SharedSight was designed with the intention of building an explainable AI system that could detect misinformation, but learn to be wrong. As such, SharedSight offers an efficient search platform that will not only identify misinformation, but justify it's decisions and correct itself based on human feedback.

What it does

SharedSight is a search engine for News articles published by HuffingtonPost between 2012-2022, but the system can work with any type of natural language text corpus. SharedSight also identifies misinformation, but it focuses on explaining its decisions with nested semantic search and letting users correct it if it produces incorrect results.

How we built it

I built SharedSight using Co:here text embeddings, FAISS for similarity search using HNSW, and Python to string everything together. Other utilities used were PyTorch, ArgParse, Matplotlib, SKLearn, and more.

Challenges we ran into

Finding a good embedding space to process the text in was quite tricky, as the embedding step is the most crucial step of the process. If the mapping did not produce an embedding that properly highlighted the topology of the topic space, any similarity search we did would be ultimately useless.

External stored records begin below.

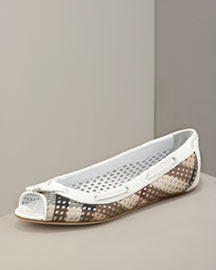 Burberry Shoes Okay I got so excited over Gwyneth's Burberry oxfords that I sort of just went on a Burberry shoe hunt. I found some great flats that would be ideal for summer!! I think both of these flats shown would look great with either a summer dress/skirt or even shorts :) I know the Burberry plaid can at times be just as cheesy as the LV monogram but I think these two flats are pretty demure in their plaid design. I also found the sling-back flats in the black and white plaid and I would probably go with that color combo instead of the original Burberry plaid colors. A note on perforation...I'm usually not into perforated items cus its pretty easy to make them look cheap but Burberry somehow made it work on these peep-toe flats.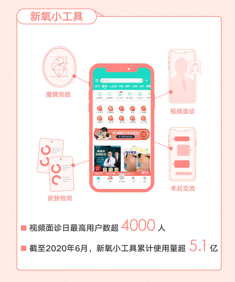 作為第一家實現醫美線上化的互聯網平臺,新氧開創了“內容社區+電商”的新氧模式,實現消費者在醫美項目前后能及時與醫生交流信息,打破了醫美領域的信息不對稱格局。而這種全新醫美模式的優勢在疫情期間尤為凸顯。當線上化成為疫情期間各行業核心競爭力之一時,新氧幫助線下機構減小了門店 “休眠”帶來的生存壓力,繼續為消費者提供豐富資訊,為醫美機構與求美者搭建溝通橋梁。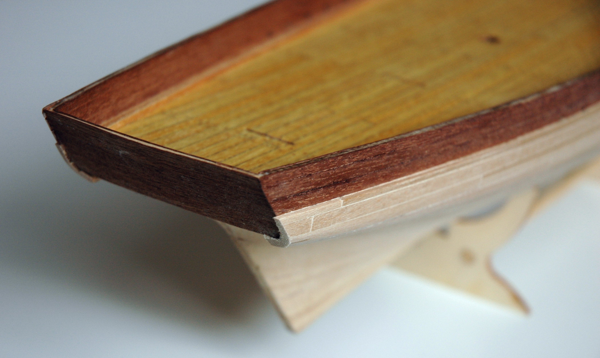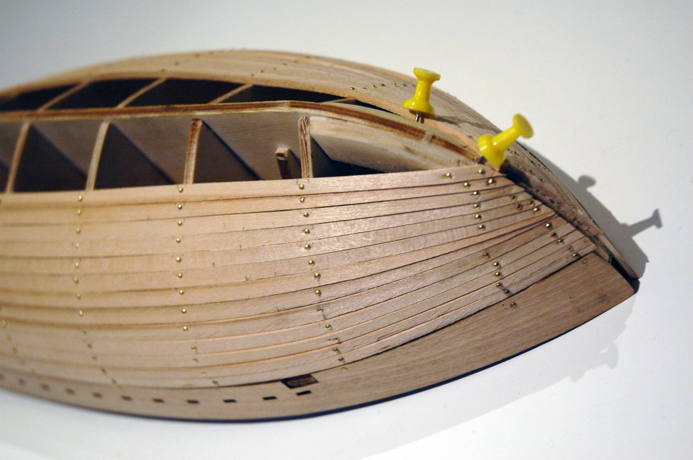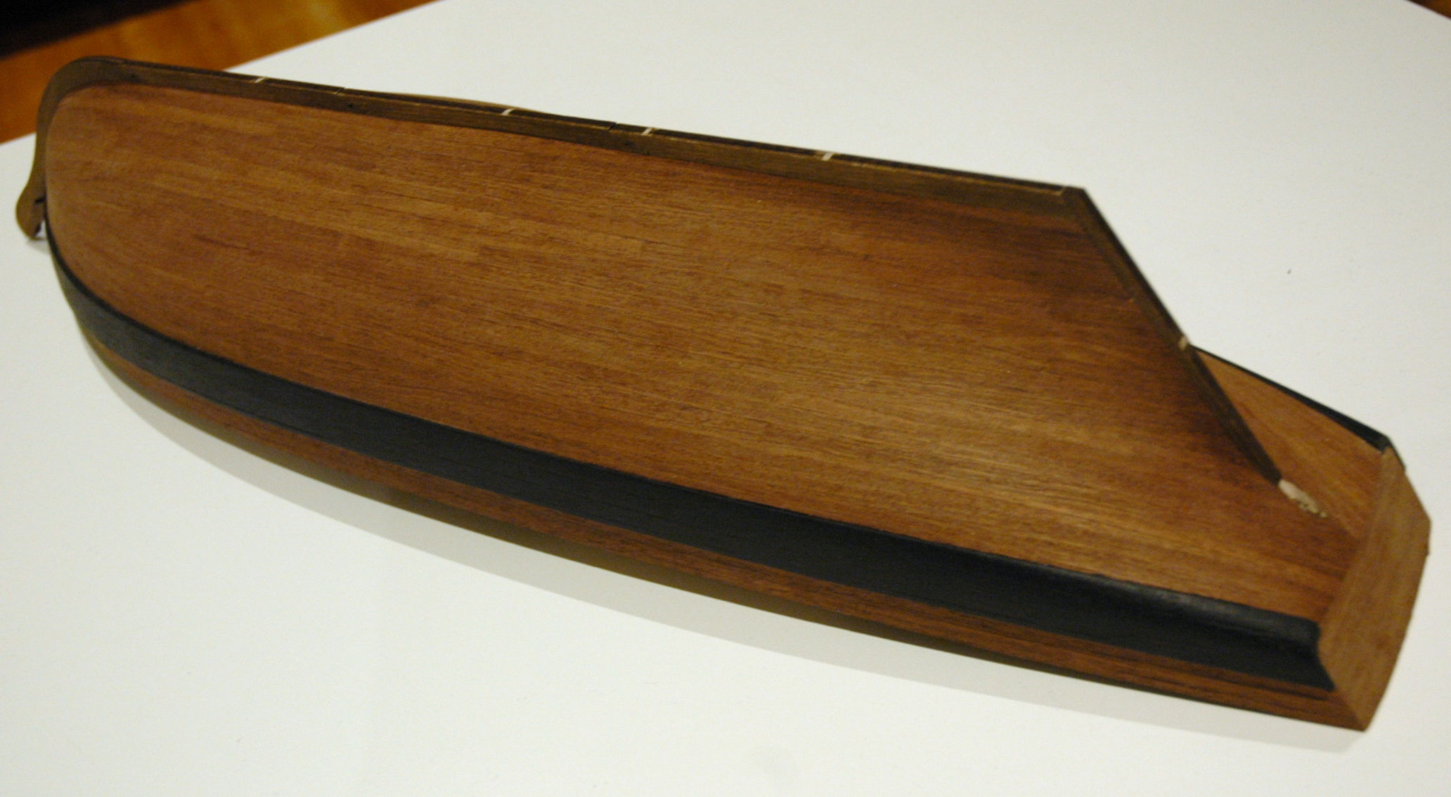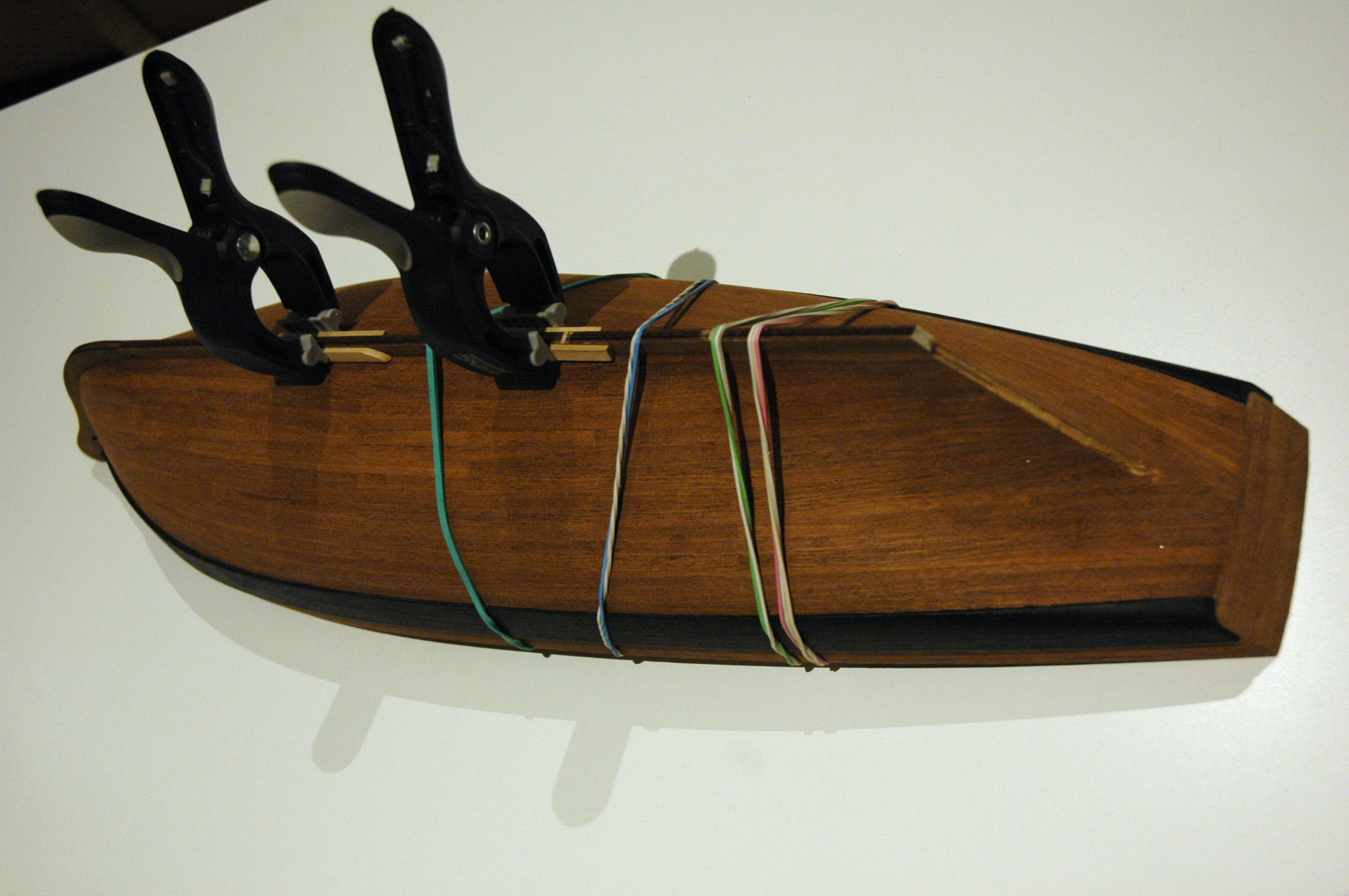 Udało mi się skończyć pierwszą warstwę deskowania. Teraz będę szlifował kadłub i dopsaowywał szczelinę do zamocowania kilu.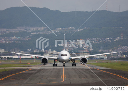 大阪空港の風景・タキシングする旅客機・ANA・ボーイング787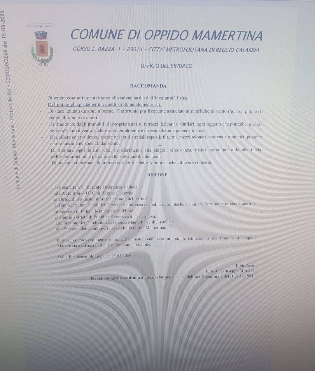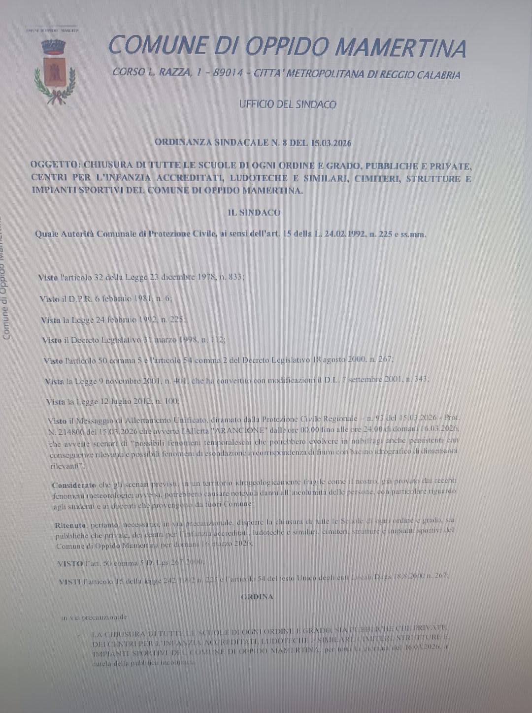 Pubblicata l'ordinanza sindacale di chiusura delle Scuole di ogni ordine e grado per la giornata di lunedi 16 marzo 2026.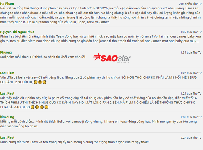 Trong khi đó vẫn có một lượng khán giả không nhỏ vẫn ngày đêm tranh cãi về sự hơn kém của Taew và Bella qua hai dự án mới nhất mà họ tham gia.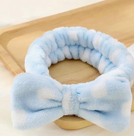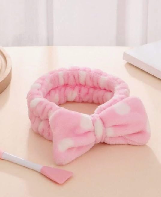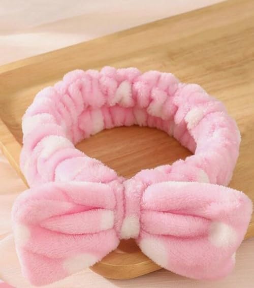 Generic - ربطة شعر بلون عشوائي مع نقاط منقطة مزينة بعقدة فراشة، لطيفة للاستحمام، قطعة واحدة للنساء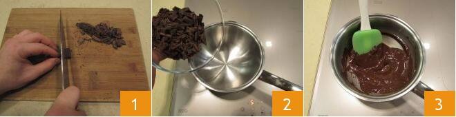 Um den Toten-Torrone zuzubereiten, hacken Sie 100 g dunkle Schokolade 1, um sie im Wasserbad zu schmelzen 2: Achten Sie darauf, dass das Wasser im Topf, den Sie erhitzen, den Boden der Schmelzschüssel nicht berührt, in der Sie die Schokolade schmelzen. Rühren Sie weiter, um die Schokolade gut zu schmelzen 3.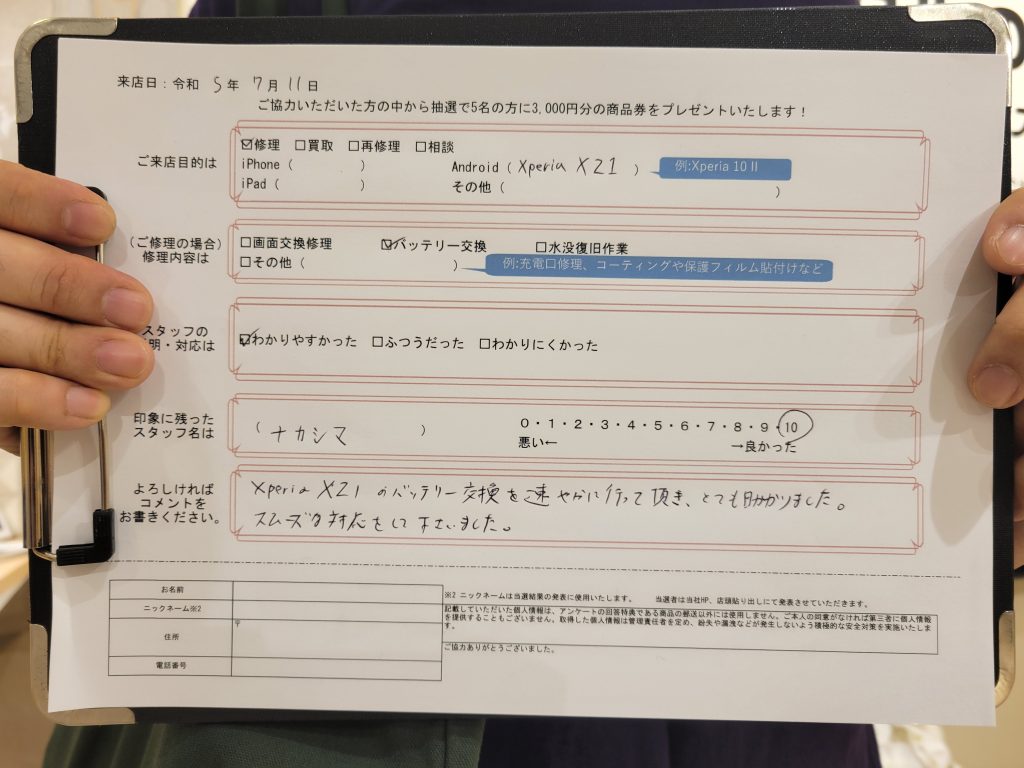 スマホスピタル 大阪駅前店 【お客様の声】XperiaXZ1のバッテリー交換させていただきました。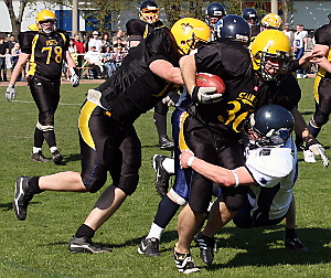 Fulda. (27.Mai.12/ y4u) Das war so kaum zu erwarten, der Aufsteiger mischt die Oberliga auf, ist derzeit einfach nicht zu stoppen. Die Erfurt Indigos feierten am Pfingstsonntag ihren vierten Sieg im vierten Spiel, lösten die Pflichtaufgabe souverän. Sie gewannen bei den noch sieglosen Fulda Saints deutlich mit 45:8 und führen mit 8:0 Punkten die Tabelle der Staffel Nord an. Vor rund 100 Zuschauern auf dem Sportplatz der Sturmiusschule erwischten die Erfurter den besseren Start. Erfurts Runningback Jan Streibel sorgte mit seinem Touchdown für die ersten Punkte und Alexander Wyrfel erhöhte per PAT auf 7:0. Auch im zweiten Quarter machten die Gäste die ersten Punkte. Diesmal marschierte Tilman Brütsch in die Endzone der Hausherrenlagen und Würfel war anschließend zum 14:0 erfolgreich. Danach nahmen auch die Saints am Spiel teil, verkürzten per Touchdown und two-Point-Conversion zum zwischenzeitlichen 8:14. Doch das sollten die einzigen Punkte der Gastgeber bleiben, ließ die gute Erfurter Defense keine weiteren Punkte der Hessen zu. Dafür bauten die Indigos ihren Vorsprung durch ein Fieldgoal von Wyrfel sowie Frank Beckers Touchdown auf 8:24 bis zur Halbzeitpause aus. In den beiden Schlussquartern ging es nur noch um die Höhe des Ergebnisses, Fulda war nicht in der Lage dem Spiel noch einmal eine Wende zu geben. Die Erfurter tauchten noch dreimal in der Endzone der Saints auf, legten so 21 Zähler durch Wide Receiver Steffen Willing, er war zweimal erfolgreich und Runningback Frank Becker sowie die zugehörigen PAT’s von Alexander Wyrfel nach. In zwei Wochen können die Indigos im Rückspiel gegen die Hessen auf eigenem Platz ihre Erfolgsserie fortsetzen.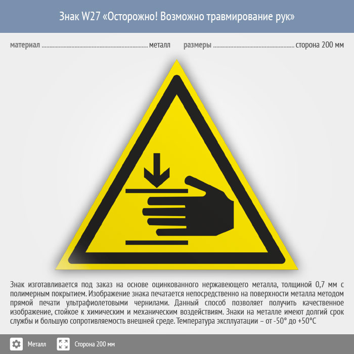 Знак W27 «Осторожно! возможно травмирование рук» (металл, сторона 200 мм) в Магнитогорске купить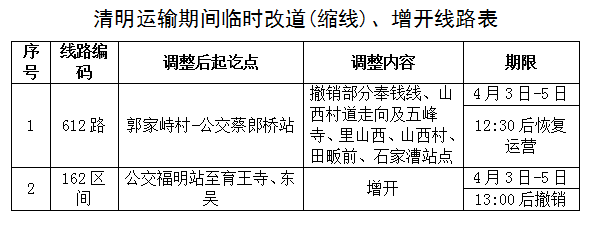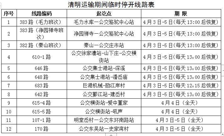 同时为保障公交专线和减轻道路交通压力,12条公交线路将临时停开(详见下表):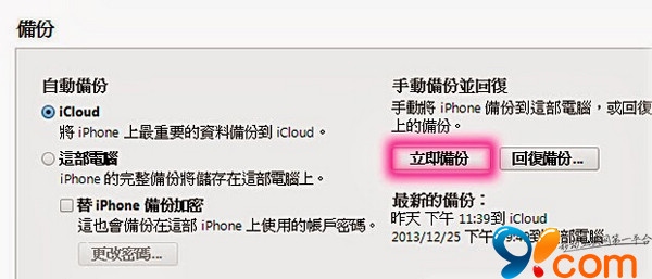 备份 (Backup):将 iPhone 里的资料备份到电脑 iTunes 上。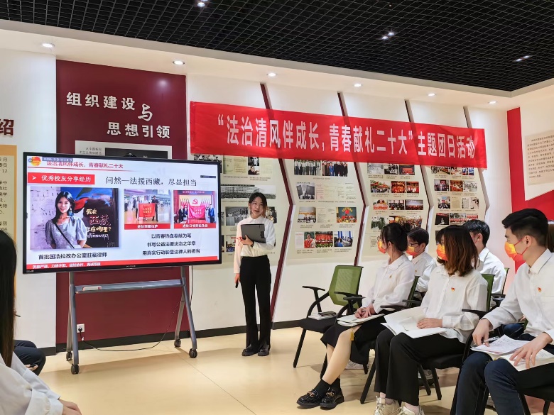 12月9日,法学2001团支部在学校团情团史教育基地开展了“法治清风伴成长,青春献礼二十大”学习宣传贯彻二十大主题团日活动。活动由法学2001团支部书记王薪辰主持,校团委书记季林海,优秀校友、法援西藏律师闫然,法学系党支部书记、法学2001班主任康雷闪,太阳成集团tyc122ccvip团委书记于露,全国青年马克思主义者工程学员、太阳成集团tyc122ccvip党的二十大精神学生党员宣讲团成员燕心悦与法学2001团支部成员参加。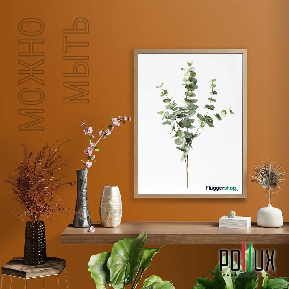 Краска моющаяся интерьерная для стен и потолков, Pollux INTERIOR без запаха, быстросохнущая, акриловая, матовое покрытие, цвет NCS S 5040-Y40R, 1л.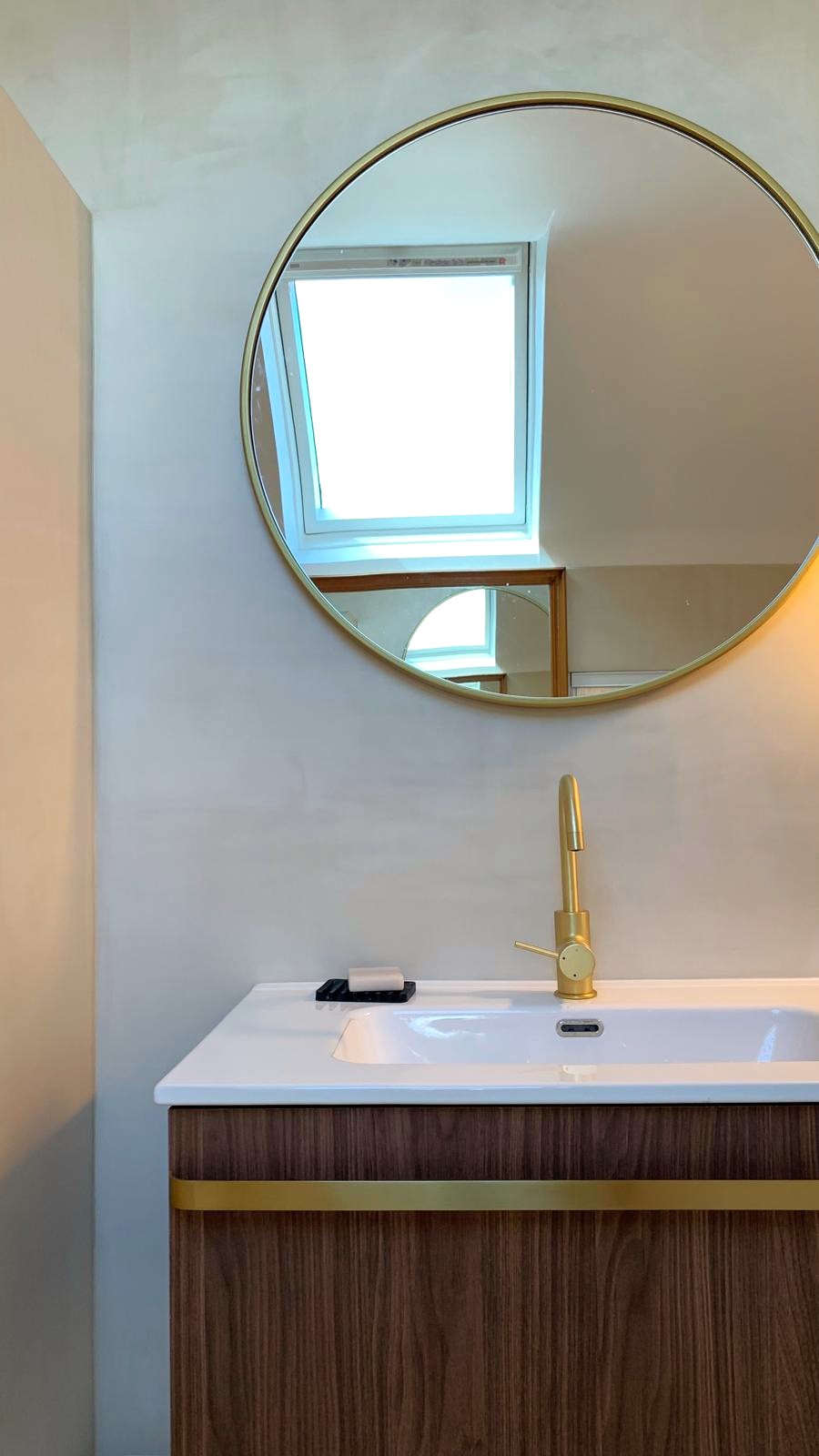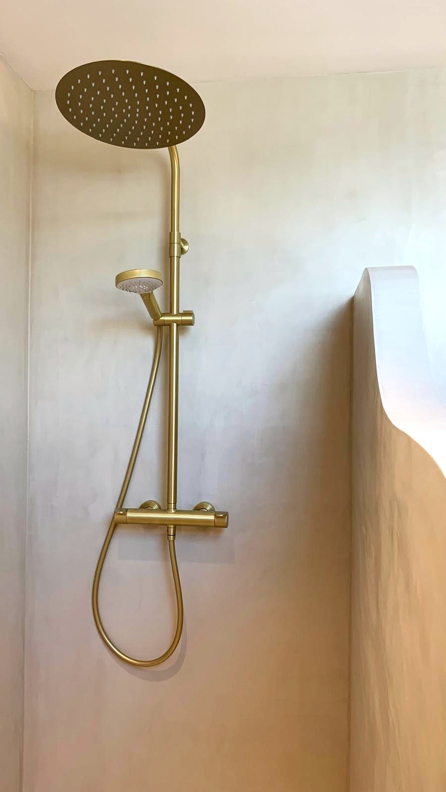 La salle d’eau a été réalisée en enduit tadelakt, finition minérale continue, idéale pour les pièces humides.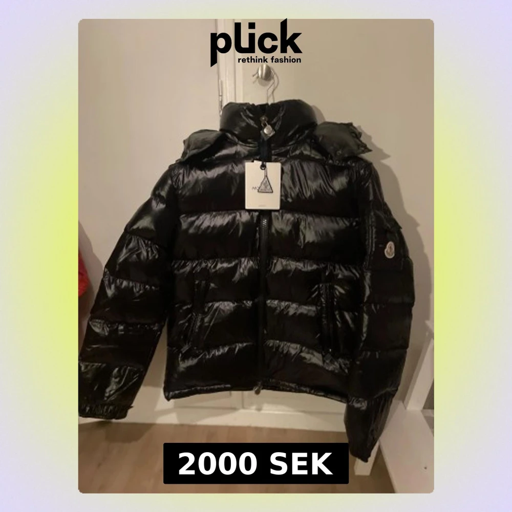Säljer en svart pufferjacka från Moncler med glansig finish och hög krage. Jackan har dragkedja framtill, två sidofickor med dragkedja och en Moncler-logga på ärmen. Insidan har ett coolt serietryck och märkestaggar. Perfekt för kalla dagar och riktigt snygg streetstil.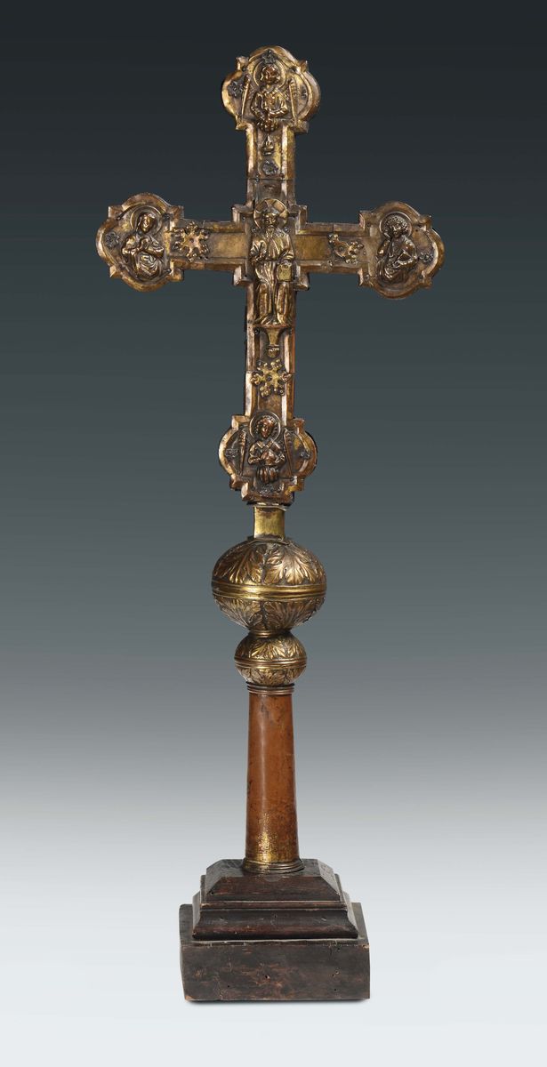 An embossed and chiselled copper processional cross with gilt traces, late-Gothic goldsmith, northern Italy, 15th century [..]

Accomplishments that we're proud of

We're proud of the fact that we built a similarity search that runs in near real-time that also can detect misinformation, but it also can identify misinformation and justify its decisions of misinformation. This accomplishment is a big first step I've taken in building explainable and effective AI, and a step that I'm quite proud of.

What we learned

I learned a great deal, especially involving things like Transformer Embeddings, BERT, Dimensionality Reduction using tSNE, Similarity Search with FAISS, Prompt Engineering, and Topic Modelling.

What's next for SharedSight

Some next steps for SharedSight could be finding a smarter embedding space, perhaps one that supports joint image-text embeddings to allow for interchangeable search between articles and images. Additionally, the system could be made to be decentralized, which could be an active area of research worked on by students at UC soon. The system could also be integrated into web-apps or other utilities, hosted using a Flask/FastAPI webserver or integrated with other systems like ElasticSearch. Finally, this system could be used with a larger text corpus, as it only uses 2k text samples of the 201k text samples in the Huffington Post Dataset.